The People’s Assembly

On the next day, 11 October, again the worker-peasant insurrection marched towards the National Assembly with the aim of taking it. The march, tens of thousands strong, was peaceful and reached the front of the building, which was heavily guarded by police and military. After a period of tense waiting, some military men backed down from their positions. The movement paused. Food was organised, which was also offered to law enforcement officers. There is a clear and correct policy of using all opportunities to fraternise with the ranks of the army.

In a treacherous way and without prior warning, the police used that pause to regroup their forces and launched a new wave of repression, shooting masses of tear gas and pellets against the peaceful and unarmed crowd that was eating in the Arbolito Park. The crowd resisted, evacuating the wounded, making a corridor to take out the most vulnerable, and building barricades.
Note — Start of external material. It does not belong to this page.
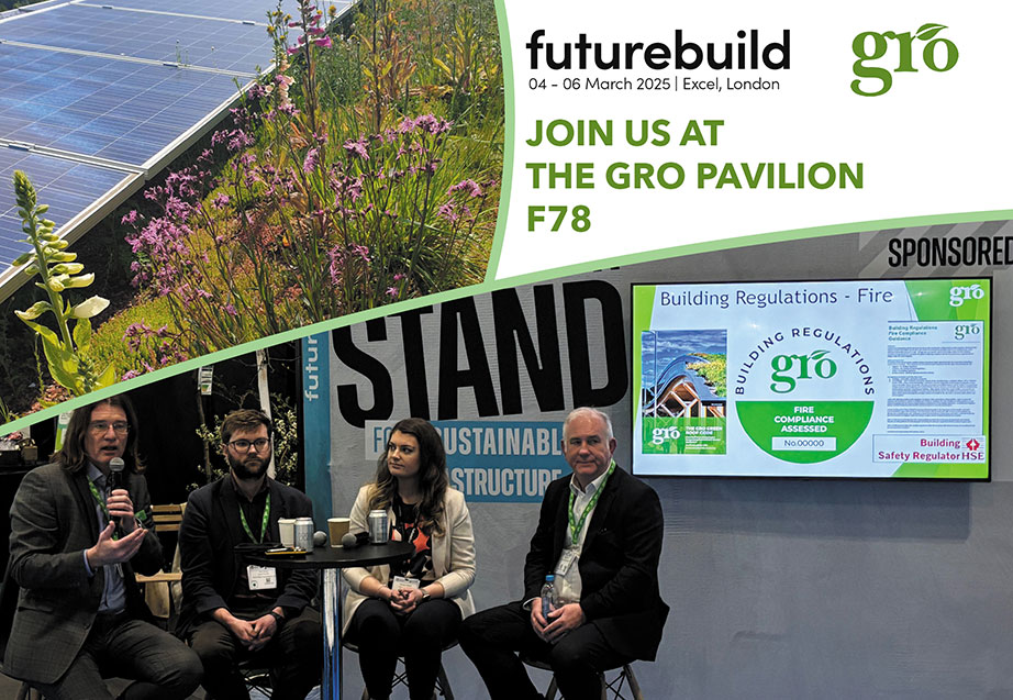 With Futurebuild partnering with the Supply Chain Sustainability School this year, sustainability and green infrastructure are continuing to be a key topic. Which is why GRO are delighted to announce that, after the incredible success of the GRO Pavilion over the past 2 years, Futurebuild 2025 on the 4th-6th March will see a return of the bustling hub. GRO Pavilion 2025 (stand F78) will be occupied by member companies Geoshield, LRWA (Liquid Roofing and Waterproofing Association), Optigrun, Ravago, SIKA, and Wraxalls. It will offer a central point for all looking to learn more about green, blue and BioSolar roofing.

This was a scene of civil war – of class war.

Meanwhile, the cynical Moreno appeared on television offering "dialogue", which was again flatly rejected by CONAIE in a strongly-worded statement. The conditions for any dialogue, as set by the movement, are repealing the fuel decree and dismissing the ministers of the interior and defence, who are responsible for the repression.

But even that falls short of what is already happening. What the movement aspires to now is overthrowing of Moreno. "Whoever leaves Quito, loses his bench" they shout in the streets. Even the idea of pressuring the National Assembly to declare new elections contradicts the practical actions of the movement, which is trying to take the Assembly building to install a People's Assembly – that is, an alternative government. The question of who rules the country is being clearly posed. Is it the rich or the poor? The oligarchy and the IMF, or the working people? The capitalists and bankers, or the workers and peasants?

In practice, the Ecuadorian insurrection already controls a large part of the capital (with the exception of abandoned official buildings), and several provinces in the interior. It is beginning to organise itself, has its own Indigenous Guard, and makes decisions in its assemblies, which are then put into practice.

Now is the time: overthrow the government!

This situation is unsustainable from the point of view of the bourgeoisie and imperialism. Their power hangs by a thread. Hence the effort to prevent the entry of protesters into the National Assembly. It is not simply an empty building (there is already talk of moving the National Assembly to Guayaquil), but a symbol of power.

The uprising has in its favour the courage, decisiveness and will to struggle of tens of thousands of young people, workers, peasants and women, who have fought in the streets against Moreno and the IMF. But it still lacks a clear understanding of the tasks it faces and how to carry them out.

March Ecuador 9 Oct 2 Image CONAIEWith clear objectives and decisive steps, the movement can succeed in overthrowing the government / Image: CONAIE

It is urgent to proclaim the People's Assembly as a legitimate power and spread it throughout the country. It is necessary to develop it as a true, democratic organism of leadership for the movement, with delegates chosen on the barricades, in the neighbourhoods, in the factories and universities, and in the indigenous communities. Faced with the brutal repression of the police and the army, the elements of self-defence that already exist must be coordinated and developed. The Indigenous Guard must be extended and bring thousands into its ranks. This must be combined with the deepening of the fraternisation with the soldiers, which is already starting to yield results.

We are at a crucial juncture. The struggle for power has been posed, but it hasn't yet been resolved. If the movement does not move forward with decisive steps, there is a risk that fatigue and a lack of perspectives will begin to take their toll. Under these conditions, the government can use selective repression, with cosmetic concessions, to weaken the movement further.

If progress is made with conviction and clear objectives, the overthrow of the government is entirely possible. The movement can storm heaven. Now is the time.